About 40 percent of the more than 500 trustees of the most popular art museums in the U.S. work in or derived their wealth from the finance industry. Many other board members are in real estate or the energy industry.
There’s a lot at stake for museums. Many rely on trustees — who pay millions of dollars to join and give annual donations in the six figures — for more than 20 percent of their budgets.
Vernon Hill will step down as chairman of Britain’s Metro Bank by the end of the year.
Dave Lewis will depart as C.E.O. of Tesco, the British supermarket chain, next year. He’ll be succeeded by Ken Murphy, Walgreens’ chief commercial officer.
Celeste Guth, whom Deutsche Bank named as its global head of M.&A. only a month ago, is leaving to join PJT Partners.
The investment bank Moelis & Company has hired Ted Conway from Barclays as a managing director focused on specialty finance clients.
SoftBank hired Ralf Wenzel, the founder of the food delivery company Foodpanda, as the C.E.O. of its Latin American joint ventures arm.
The speed read
• Vice agreed to buy Refinery29, the online women’s lifestyle publication, for $400 million. (NYT)
• BlackRock has reportedly held talks with Tencent of China about a potential partnership that would help it enter the Chinese market. (WSJ)
• The cybersecurity company FireEye has reportedly hired Goldman Sachs to help it consider a sale of itself. (Reuters)
• Blackstone agreed to buy 65 percent of the indoor water parks operator Great Wolf from Centerbridge in a deal that values the company at $2.9 billion. (WSJ)
Trump impeachment inquiry
• House Democrats moved to subpoena the White House over the Ukraine scandal, prompting angry blowback from President Trump. (NYT)
• The Ukraine whistle-blower asked an aide to Representative Adam Schiff, the chairman of the House Intelligence Committee, for advice on how to proceed. (NYT)
Politics and policy
• The federal government now guarantees $7 trillion worth of mortgage-related debt, 33 percent more than it did before the housing crisis. (WaPo)
• Senator Bernie Sanders was hospitalized yesterday after treatment for blockage of an artery, raising uncertainty about his presidential campaign. (NYT)
• The C.E.O. of the German insurer Allianz bitterly criticized the European Central Bank’s easy-money policy. (FT)
• Prime Minister Boris Johnson of Britain presented a new plan to leave the E.U. by the end of the month. (NYT)
• Start-ups like Rhino could let renters lease apartments without a security deposit. (NYT)
• Apple’s C.E.O., Tim Cook, publicly criticized President Trump’s decision to end DACA, the program to help young undocumented immigrants. (CNBC)

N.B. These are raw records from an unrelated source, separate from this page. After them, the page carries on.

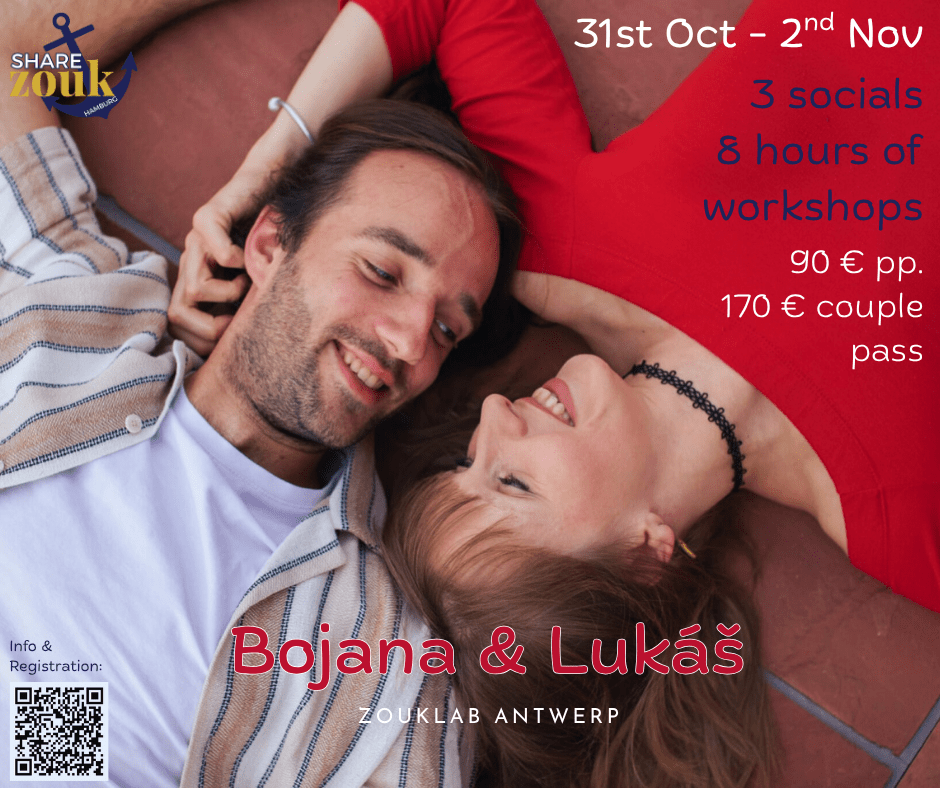 Another zouk event in our beautiful Hamburg! This time, Boyana and Lukas 🇧🇪 come to bring technique and playfulness to bring our dancing to the next level.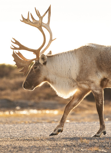A stag that was drove away from the herd walks along the barrens pursuing a doe on this beautiful sunny day ... calm before the storm. Later in the week this beautiful stag collected three does establishing his own herd.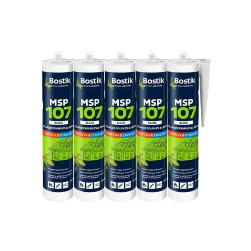 Bostik MSP 107 White Polymer Adhesive and Sealant for Wet Surfaces x5. Ideal for flexible bonding of elements that may be subjected to vibrations or shocks. Bonding of tiles, skirting boards, various decorative elements, pipes, and rainwater downpipes. And for expansion joints, contraction joints on concrete slabs, balconies, sealing under window sills, conservatories, and greenhouses. Sealing of masonry, partitions, wooden and metal frames, boats, caravans, and vehicle bodies.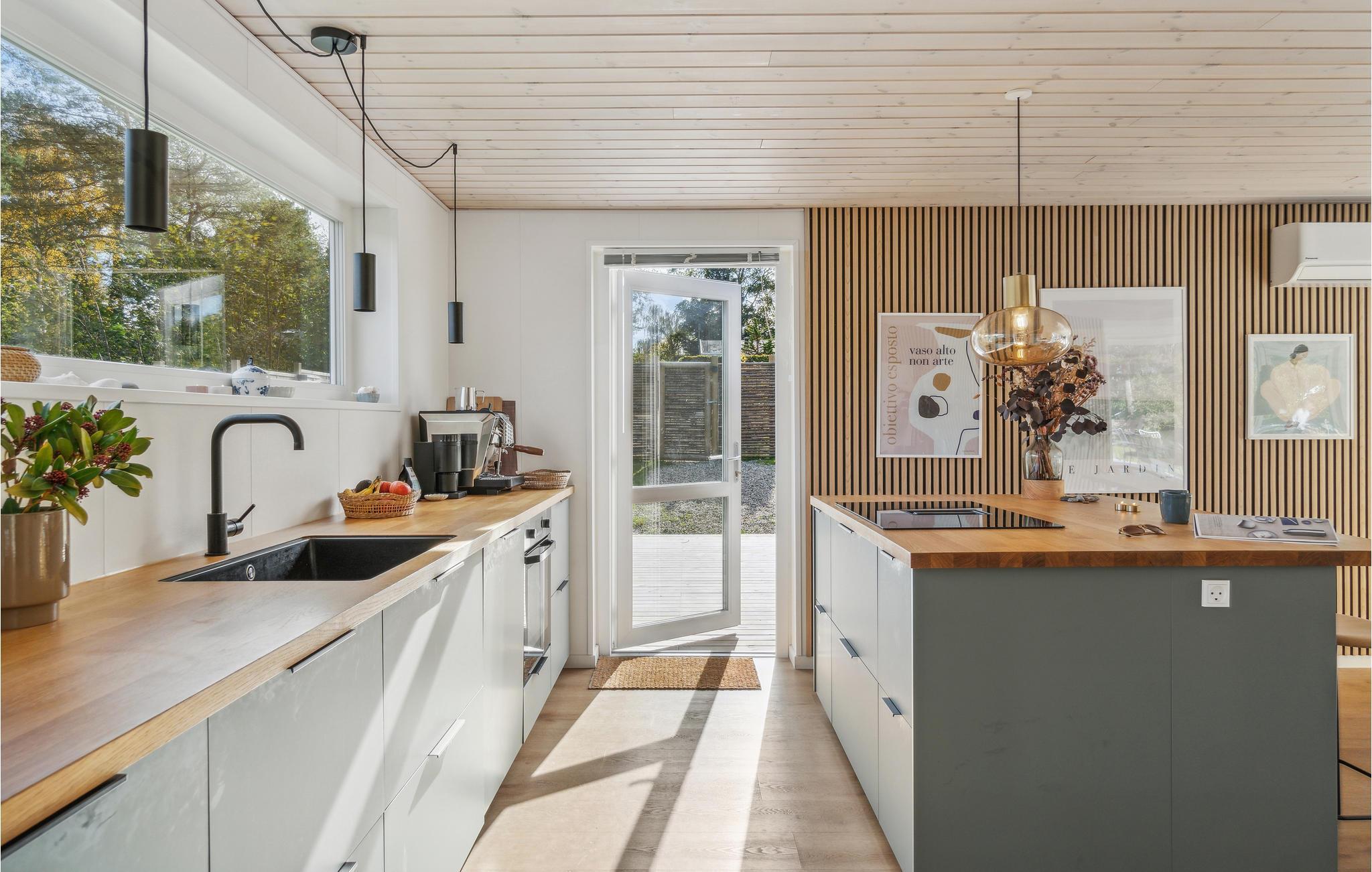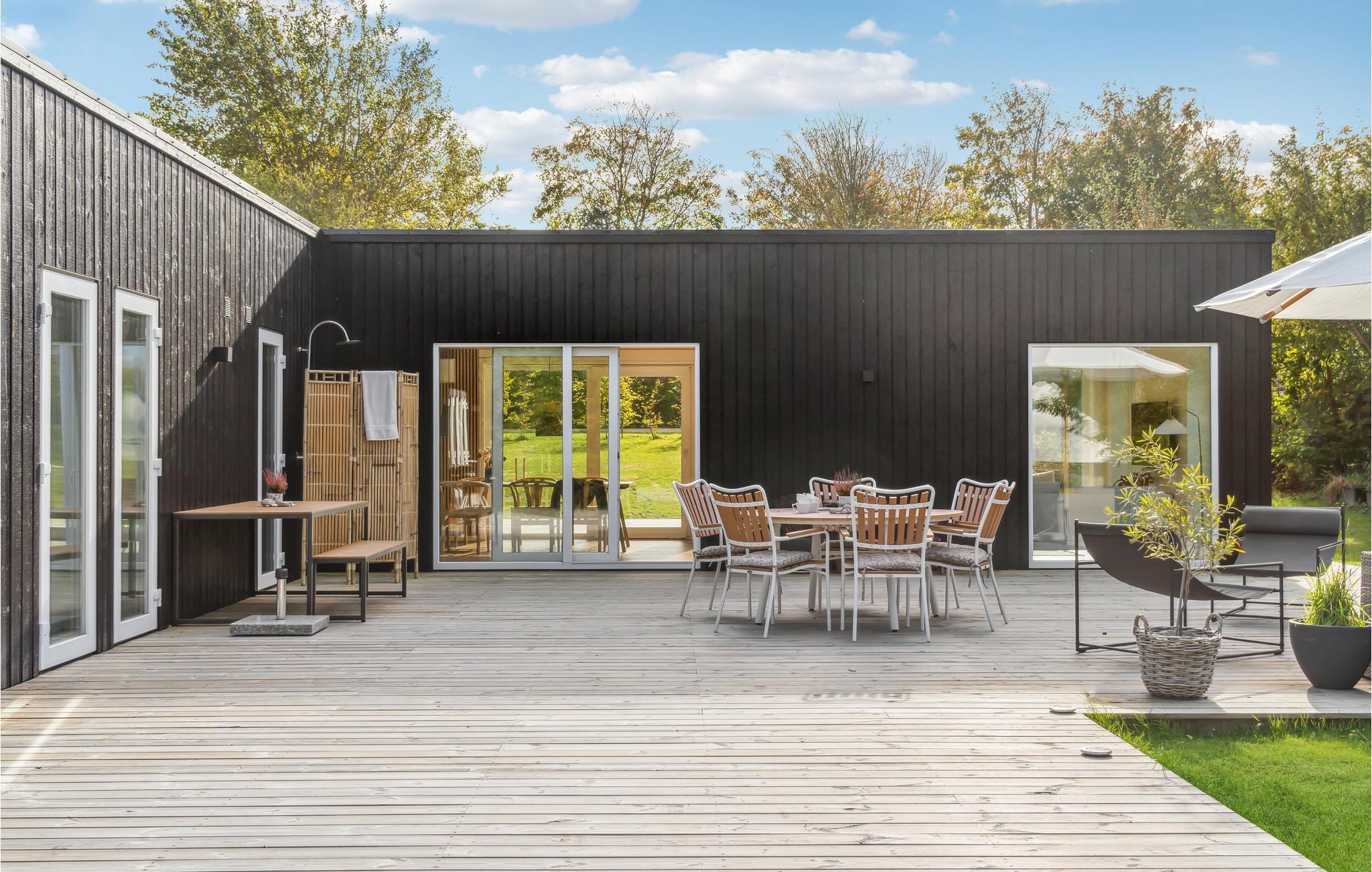 Moderne feriehus med stor terrasse ved vandet

• Uber is reportedly set to open Uber Works in Chicago, a program that will match temporary workers with businesses that need to fill gaps. (FT)
• Postmates and DoorDash want to deliver groceries rather than just restaurant meal orders. (WSJ)
• Google is rolling out Incognito mode for Maps. (Gizmodo)
Best of the rest
• Federal prosecutors have reportedly begun an investigation into U.S.A. Swimming over its business practices and accusations that the organization stifled sexual abuse claims. (WSJ)
• AdvoCare, which used sports stars to market its health products, agreed to pay $150 million to settle charges by the F.T.C. that it was a pyramid scheme. (NYT)
• The spying scandal at Credit Suisse has cast a pall over Tidjane Thiam, the Swiss bank’s C.E.O. (WSJ)
• Doctors at the Mayo Clinic say that lung damage in patients with vaping-related illnesses resembles a chemical burn. (NYT)
Thanks for reading! We’ll see you tomorrow.